Experts believe that this surplus could be attributed to less effective revenue mobilization than expected.

Fluctuations in the prices of raw materials, essential to the Congolese economy, also had an impact on forecasts.

However, the Congolese government has promised to improve transparency and management of public finances. Reforms are underway to strengthen revenue collection and optimize spending.

Critics also point to a lack of anticipation in the face of economic challenges. The need for better budget planning has become apparent to avoid such deviations in the future.

International support, notably from the IMF and the World Bank, remains crucial.

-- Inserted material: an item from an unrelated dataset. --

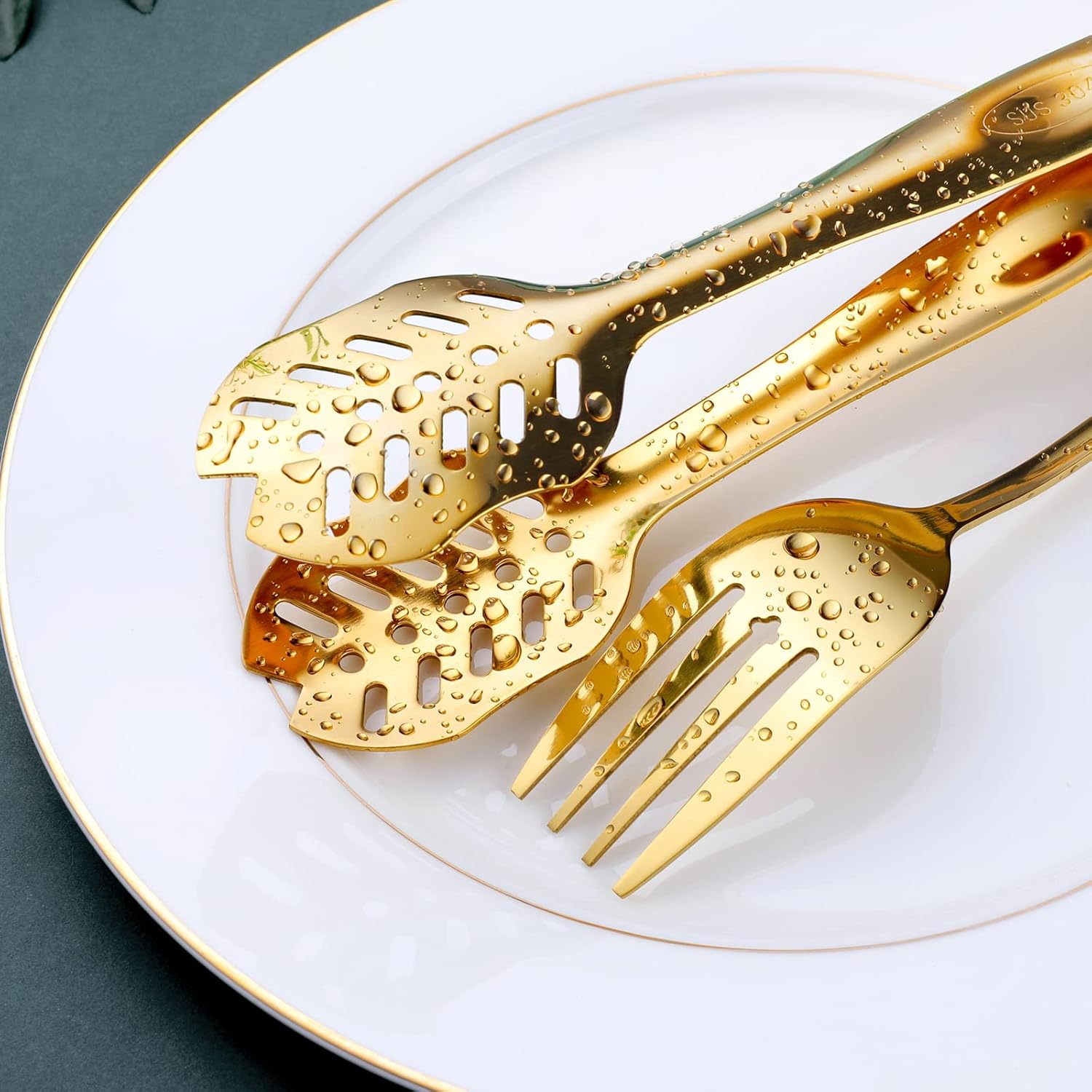 - 【ELEGANT DESIGN】Mirror polishing finish enhance the look and style of your meals with a modern and sophisticated look and feeling. Each meal will be effortless and pleasant with our gold serving utensils set.

These institutions condition their aid on structural reforms and better economic governance.

The DRC must therefore navigate cautiously in this uncertain economic context.

The current surplus could provide an opportunity to strengthen budgetary capacities, but this will depend on the central government’s compliance with its financial commitments.

Although the cash surplus is a positive sign, it must be interpreted with caution. The authorities must ensure that it does not mask structural weaknesses in public finance management.